Kealia was beautiful, glassy, super smooth and organized. There was a dreamy little peak between the tower and the river month, crowded by surfers. I decided to sit just off shore, right in front of the lifeguard tower, looking for the strange peelers I saw breaking closer in. I sat under a SUPer and a long boarder who were set up farther out than me but who were also too far out for the waves I was after.  My choice paid off as I found ride after ride of glassy, beefy, chest high waves that spilled right up on to the sand. There wasn’t much face to work with, no little barrels to find or lips to duck under or bounce off, just racing down the line to the sand. Fun enough for a while.

Eventually I paddled over to the edge of the main peak, farther south, and found two near perfect waves despite the crowds. One ride in particular was long enough and full of enough turns and snaps to make my legs burn. From there I headed back to my shore break spot for a few more, all the while eyeing the break at Landings.

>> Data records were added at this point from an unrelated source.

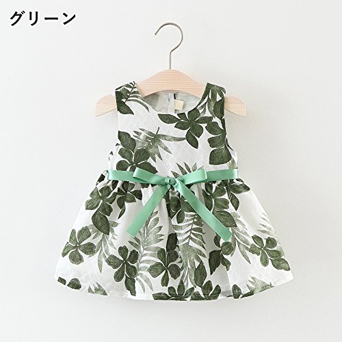 Plus Nao(プラスナオ) ノースリーブワンピース フレアワンピース ミニワンピース 子供ドレス キッズドレス 子供服 ベビー服 女の子 女児 キ グリーン 100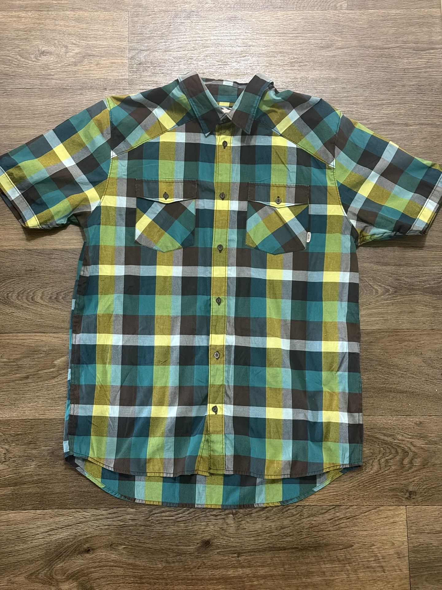In perfect condition, this is a size XL flannel print short sleeve button up. No stains or tears. All buttons in place. Green, yellow and brown print. Other vans items available on my page.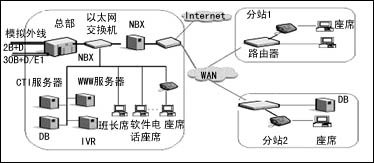 網(wǎng)音十萬(wàn)元級(jí)高性能IPCC能夠在WAN/LAN內(nèi)真正實(shí)現(xiàn)全包交換技術(shù)的語(yǔ)音應(yīng)用平臺(tái)。它包括一個(gè)基本的NBX硬件平臺(tái)單元、一臺(tái)高性能服務(wù)器及相關(guān)路由控制、呼叫管理、通用坐席應(yīng)用及通用數(shù)據(jù)庫(kù)接口等軟硬件產(chǎn)品,它支持8外線、8座席的應(yīng)用規(guī)模。在此平臺(tái)基礎(chǔ)上,系統(tǒng)擴(kuò)容時(shí)只需增加相關(guān)軟件使用許可證、外線接口卡及坐席終端即可輕松將此平臺(tái)服務(wù)容量擴(kuò)充至最大外線容量90端口,最大座席容量150席的應(yīng)用規(guī)模。同時(shí),此種應(yīng)用解決方案對(duì)集中呼入/呼出控制,分散點(diǎn)多,每分散點(diǎn)座席數(shù)少,個(gè)點(diǎn)通過數(shù)據(jù)線路與接入平臺(tái)連接的分布式Call

I decided to paddle up there for a last wave after seeing a few beauties roll through empty waters. As I sat there waiting, the water roll around me, silver then blue then green, invisible, translucent, glowing, then opaque and back again. Kealia is rarely this calm and you almost never get to see the sea floor here with any clarity but today it was a pleasure. Finally that last wave rolled in, peaking up and sucking down at the same time, and it was worth the wait, small but perfectly steep. I rode the wave well which is all I ever want, to ride the wave I am on the way I should, not like I wished it was something else. By the end, I was just moving on moving water until it was moving sand and I was moving feet, running up the shore, smiling.

March 13, 2020

No surf today. Just more news piling up, more clouds piling up. And I said goodbye to my students, asking them to be safe, to take care, to ride the wave they are on, and to not wish for something else. I reminded them that, despite all the rumors and other indications, I care about them and that they are worth caring about.

And then the drive home, as the skies opened, and Erin’s throat closed, and the rainy weekend beginning in the dark of the ER and ending in the setting Sunday cloud-dimmed sun.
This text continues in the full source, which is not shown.